**The task:** Give again, word for word, only the lines of the material below from its first line through the one that holds "一句话否定你的臆测,f3dm"; pictures stay out.
Content starts
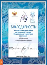Областной фестиваль социально-значимых творческий проектов «Профессионалы Урала», индивидуальный конкурс «Профессионал» , 2021 год |
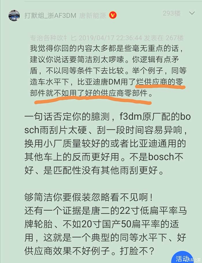 一句话否定你的臆测,f3dm原厂配的bosch雨刮片太硬、刮一段时间容易异响,换用小厂质量较好的或者比亚迪通用的其他车上的反而更好用。不是bosch不好、是匹配性没有其他雨刮更好。够简洁你要假装忽略看不见啊!还有一个证据是唐二的22寸低扁平率马牌轮胎、不如20寸国产50扁平率的适用,这就是一个典型的同等水平下、好供应商效果不好例子。打脸不?
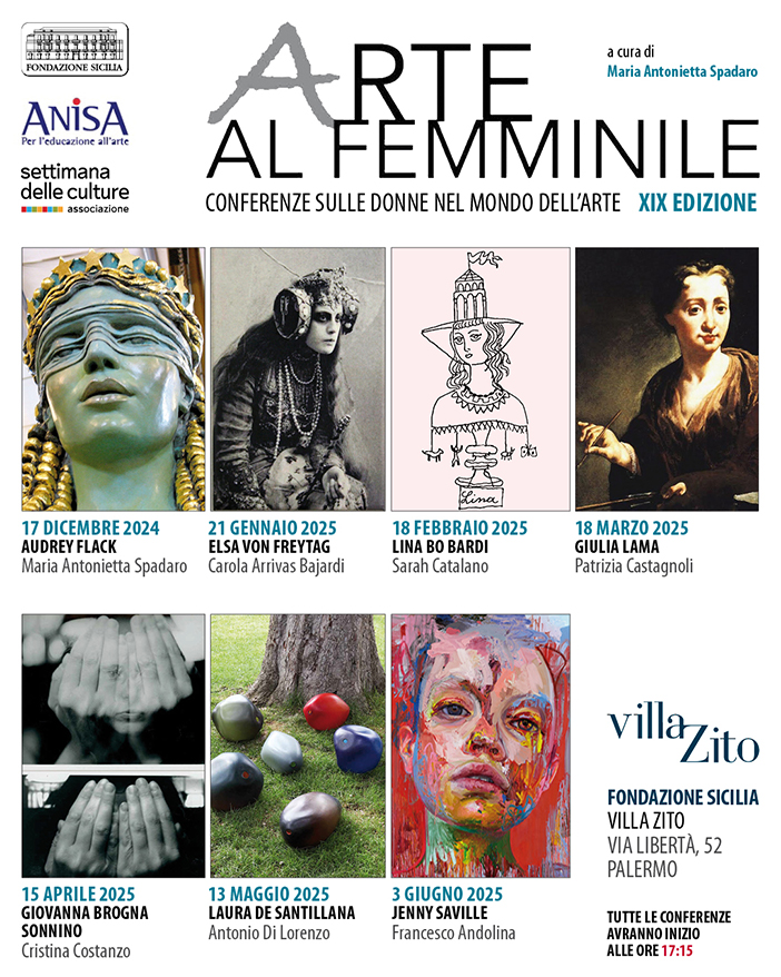 La rassegna Arte al femminile, ideata e organizzata da Maria Antonietta Spadaro per Anisa/Palermo e Settimana delle Culture, giunge quest’anno alla XIX edizione. Abbiamo dato visibilità a circa 170 artiste di ogni tempo e ogni luogo, molte sconosciute al grande pubblico, poche quelle note e alcune solo a pochi studiosi. Relatrici e relatori, non solo siciliani, hanno suscitato interesse sempre crescente nei confronti di una platea affascinata dalla scoperta di figure spesso cancellate dalla storia e riportate alla luce.
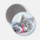 Magnet med ett sött julfoto av ett grått tabby katt som spelar en röd tomhatt. Hans stora fluffy tassar gör fotot extra härligt.
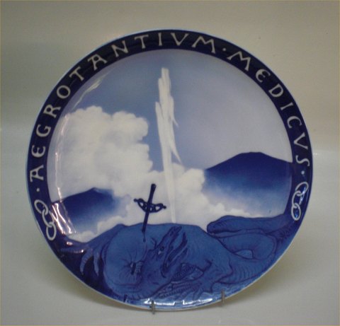 Beskrivelse: Kongelig Porcelænsfabrik Mindeplatte # 29 Geyseir Odd Fellow platte AEGROTANTIUM MEDICUS
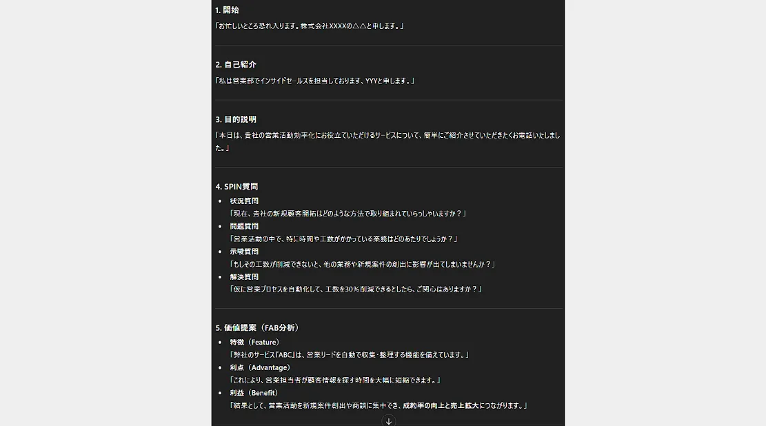 トークスクリプトの作成や営業ロールプレイング、架電・商談へのフィードバックにもChatGPTは活躍します。経験豊富な営業担当者のノウハウをプロンプトやフィードバック項目に落とし込むことで、チーム全体のスキル底上げを図れます。
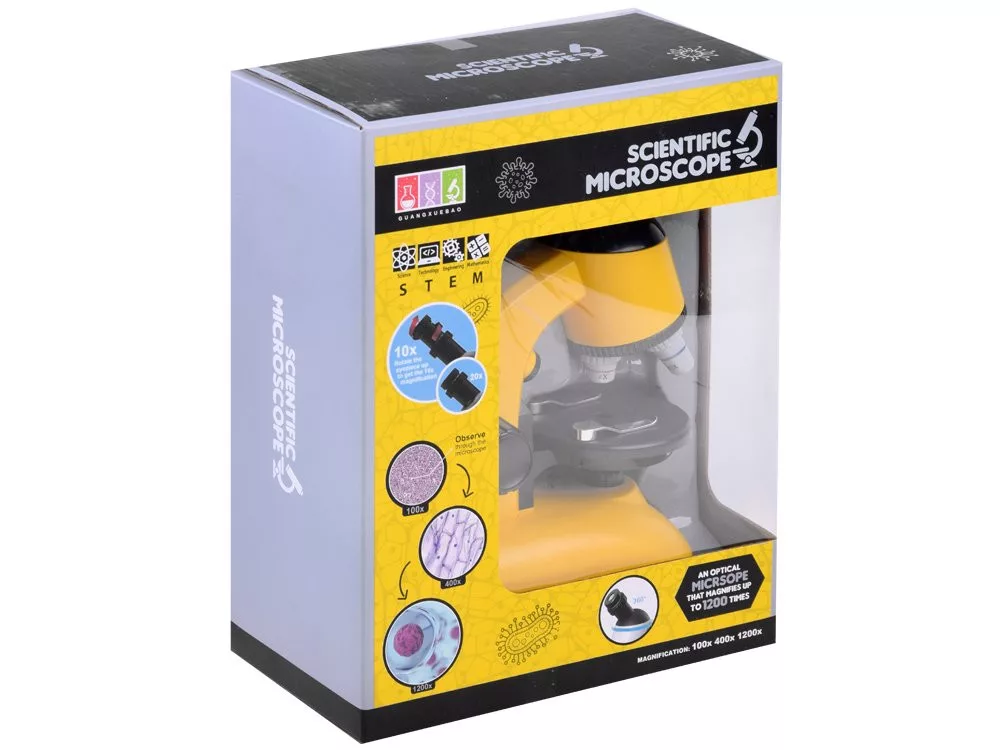 Egy kis laboratóriumi mikroszkóp nagyszerű ajándék lesz azoknak a kis tudósoknak, akik szeretnek szabad szemmel nem látható dolgokat megfigyelni. A mikroszkópnak köszönhetően gyermekünk a megszokottnál közelebbről ismeri meg a minket körülvevő világot. A mikroszkóp egy kis felfedezőt vezet be a mikrobiológia, a tudomány és a természet csodálatos világába. A mikroszkóp 360°-ban elforgatható okulárral, háromféle 4x / 10x / 40x nagyítással és beépített izzóval rendelkezik a vizsgált minták megvilágítására. A készlet nagyon gondosan és pontosan készült, teljes egészében műanyagból, 2 db AA elemmel működik (nem tartozék). A mikroszkópban minden megtalálható, ami a mikrovilág megtekintéséhez szükséges.
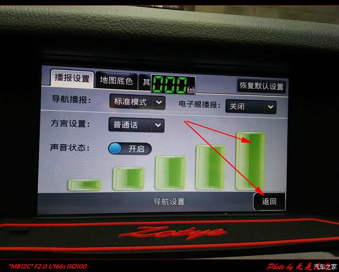 19、用善领引导图吧地图导航时,导航音量设置点箭头所示处。
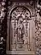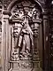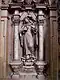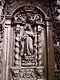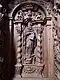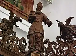 The entrance is flanked by Christ and Mary. Christ is depicted south of the portal, on the epistle side, with the globe in his left hand as Salvator mundi. His right hand is outstretched in blessing. This stall is intended for the prior. On the Gospel side, Mary gathers up her overlong robe with her left hand, while her right hand rests on her chest. The places next to Christ are dedicated to Elijah and Paul of Thebes. The Old Testament prophet Elijah, who is venerated by the Carmelites as the founder of their order, is stepping with his left foot on a severed bearded head. This attribute is related to God's judgment on Mount Carmel, when Elijah had them killed after his victory over the prophets of Baal 1 Kings 18. The place of Paul of Thebes is empty, his statue has been lost, only the inscription on the name cartouche reminds us of him. He was the first hermit and became a role model for the Paulines. The statue of John the Baptist has been lost. He was particularly revered by the hermits of St. John, an order that was confirmed by Pope Gregory XIII in 1575. The name of the Baptist on the cartouche indicates that he took his place next to Mary, followed by Anthony the Great, the father of Western monasticism, easily recognized by the cross of Anthony on his cloak and the little bell in his hands. The Antonites refer to him. They drew attention to him by ringing the bell of St. Anthony when collecting money for their hospitals.[27]
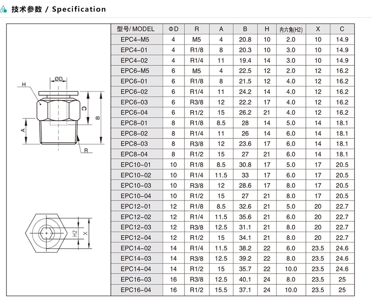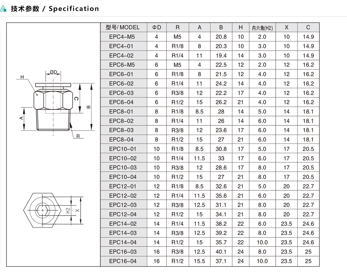 EPC/APC/ZPC螺紋直通
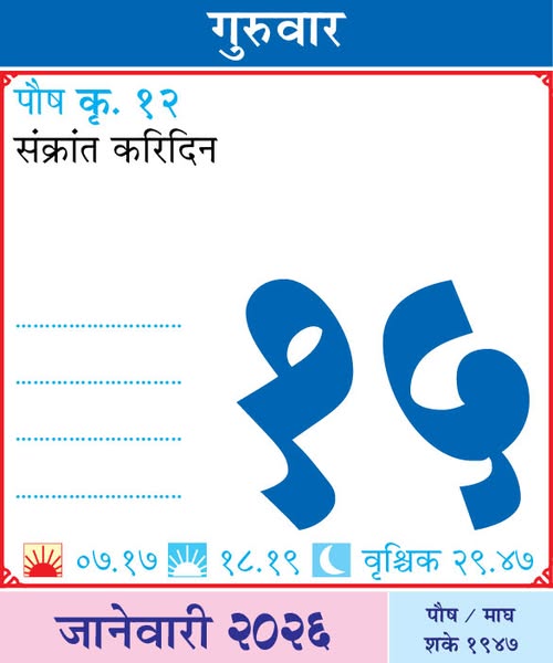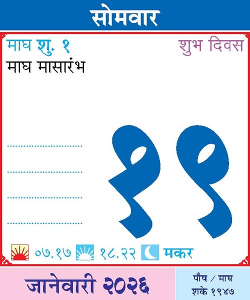 January 19, 2026Monday– Beginning of Magha Month / Kalavati Devi Punyatithi – Belgaum / Shri Chintamani Yatra – Kalamb (Yavatmal)
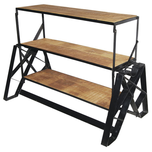 Convertible Shelf Display, 3-in-1, 44" x 24" x 31"H, rectangular, convertible to 3 positions, cast iron frame, mango wood shelves
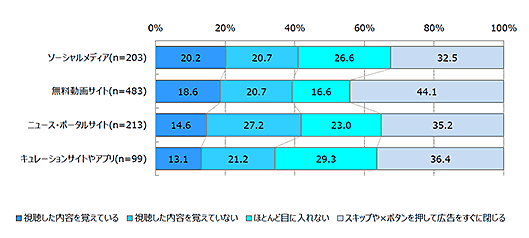 ※実際の設問においては、“ソーシャルメディア=ソーシャルメディアのタイムライン上に表示される動画広告”、“無料動画サイト=無料動画サイトの動画コンテンツの前や途中に表示される動画広告”、“ニュース・ポータルサイト=テキスト情報で構成されるニュース・ポータルサイトに表示される動画広告”、“キュレーションサイトやアプリ=キュレーションサイトやアプリに表示される動画広告”と表示。
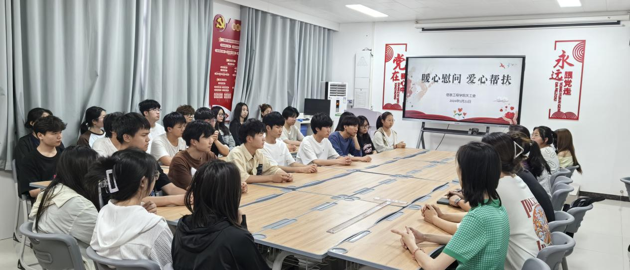 为贯彻落实党的二十大报告和习近平总书记关于进一步做好关心下一代工作重要指示,充分发挥学院关工委和“五老”优势,信息工程学院关工委在2024年5月21日于郑州校区A514开展关爱贫困学生帮扶活动,2023级部分贫困生代表参加活动。
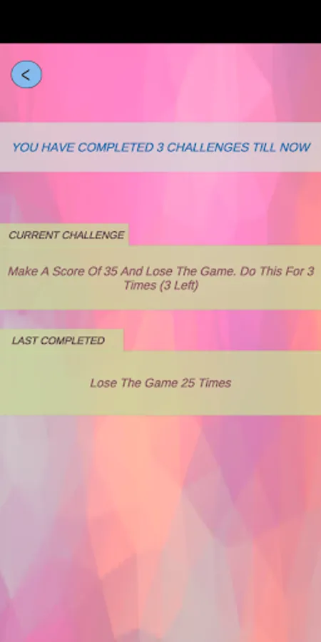 * There are so many easy and hard challenges in this 3D game. In the challenges section, you will get current and last completed challenge and the number of challenges you have completed yet.
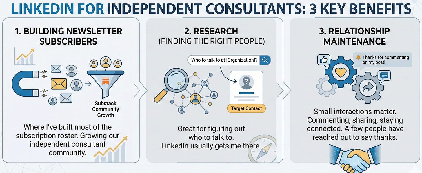 I’ve been spending a lot of time on LinkedIn since starting this newsletter. It just happened as I tried to figure out how to grow our community of independent consultants and the readership for this Substack.
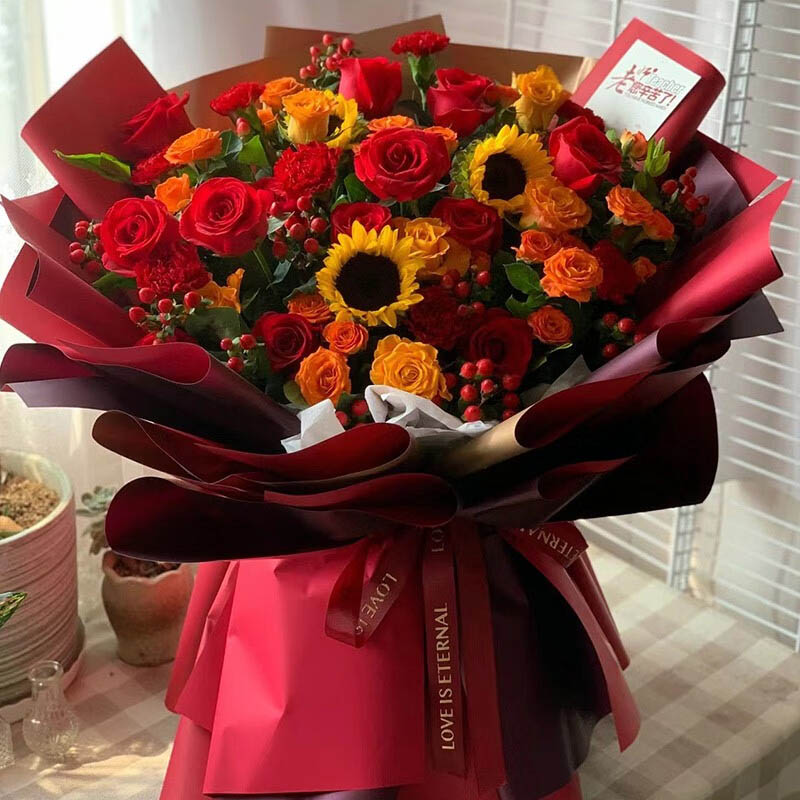 花 材:精选3朵向日葵,19朵红色玫瑰与红色康乃馨混搭,5支多头橙色泡泡,搭配红豆、尤加利叶装饰。
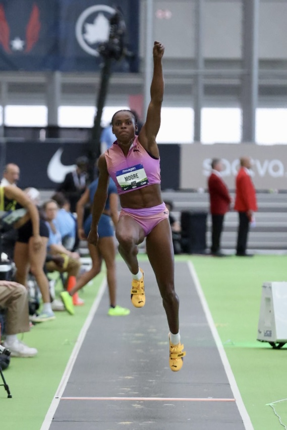 Jasmine Moore added another victory to her impressive weekend by claiming the women’s triple jump title. Her second attempt measured 13.89 meters and secured the win while Kayla Woods and Ryann Porter rounded out the podium.
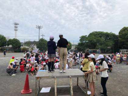 給食後はたてわり班での「ふれあいタイム」です。ミドルということで、前半は集会委員が3択クイズ、後半は班ごとに決めた遊びです。終わったあとは班長が振り返りをしています。
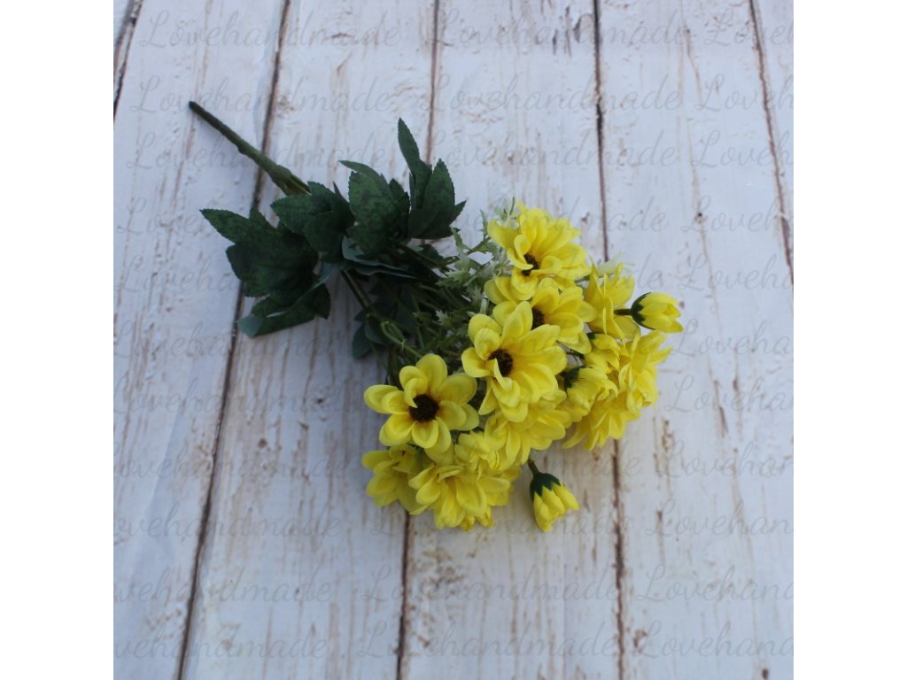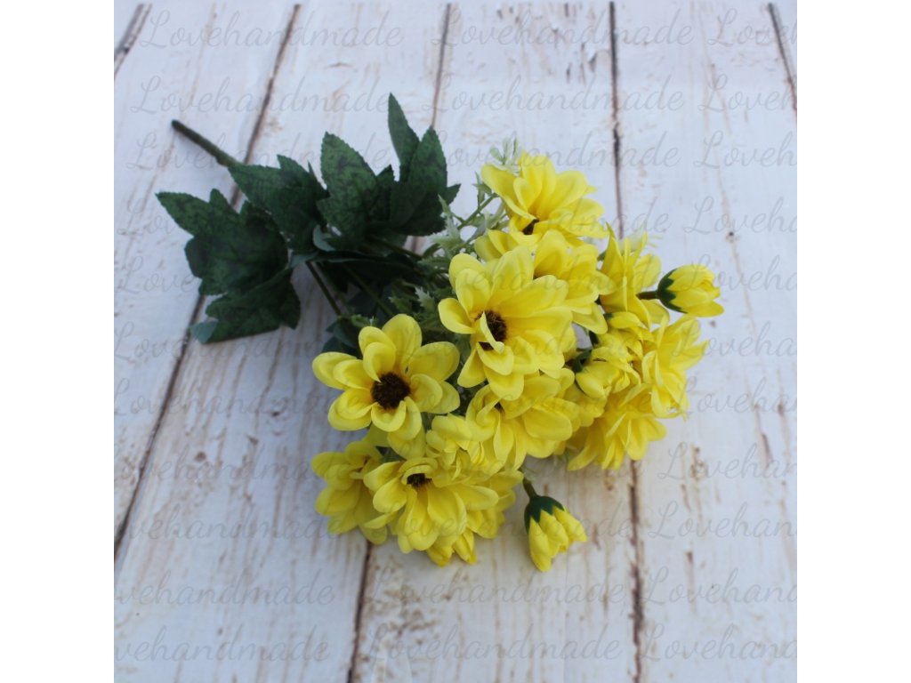 Umelá textilná kytička chryzantém v žltej farbe, vhodná ako dekorácia do vázy alebo na ďalšie aranžovanie. Krásne sýte farby. Celková výška kytičky cca 40cm.
Content ends
**Response for this exercise:**
Областной фестиваль социально-значимых творческий проектов «Профессионалы Урала», индивидуальный конкурс «Профессионал» , 2021 год |
 一句话否定你的臆测,f3dm原厂配的bosch雨刮片太硬、刮一段时间容易异响,换用小厂质量较好的或者比亚迪通用的其他车上的反而更好用。不是bosch不好、是匹配性没有其他雨刮更好。够简洁你要假装忽略看不见啊!还有一个证据是唐二的22寸低扁平率马牌轮胎、不如20寸国产50扁平率的适用,这就是一个典型的同等水平下、好供应商效果不好例子。打脸不?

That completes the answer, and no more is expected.